• YOUR OBJECTIVE: Return only the lines of the listing below that run from the line with "本体の金盤と昇降軸には高品質" through the line with "Un área oxidada", both ends included, exactly as written.

• LISTED RECORDS:

##########

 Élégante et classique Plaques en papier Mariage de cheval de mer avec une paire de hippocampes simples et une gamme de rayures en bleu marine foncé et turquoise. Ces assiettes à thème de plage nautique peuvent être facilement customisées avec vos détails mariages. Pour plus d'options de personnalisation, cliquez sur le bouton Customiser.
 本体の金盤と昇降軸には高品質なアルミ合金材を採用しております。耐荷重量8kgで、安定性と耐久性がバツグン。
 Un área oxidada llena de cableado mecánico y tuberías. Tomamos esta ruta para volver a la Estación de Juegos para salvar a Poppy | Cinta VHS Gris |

##########

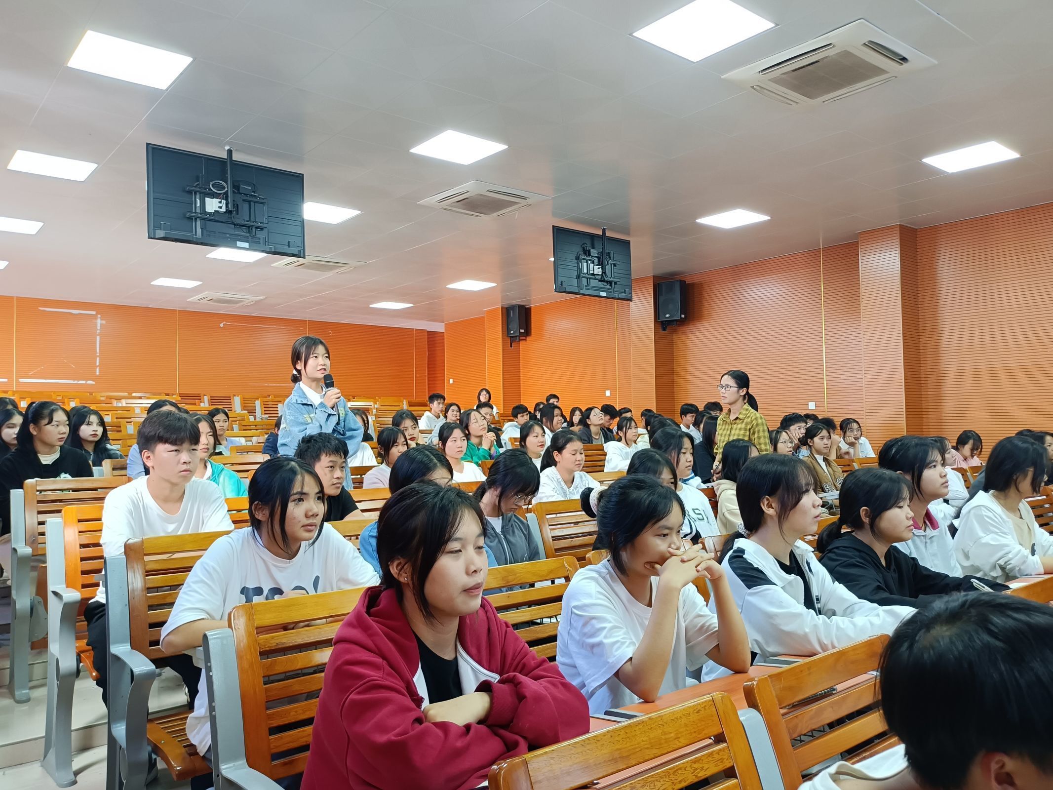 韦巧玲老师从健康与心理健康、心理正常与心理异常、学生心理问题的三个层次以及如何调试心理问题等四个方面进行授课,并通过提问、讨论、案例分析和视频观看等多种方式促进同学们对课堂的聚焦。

##########

• SOLUTION TO THE PROBLEM:
 本体の金盤と昇降軸には高品質なアルミ合金材を採用しております。耐荷重量8kgで、安定性と耐久性がバツグン。
 Un área oxidada llena de cableado mecánico y tuberías. Tomamos esta ruta para volver a la Estación de Juegos para salvar a Poppy | Cinta VHS Gris |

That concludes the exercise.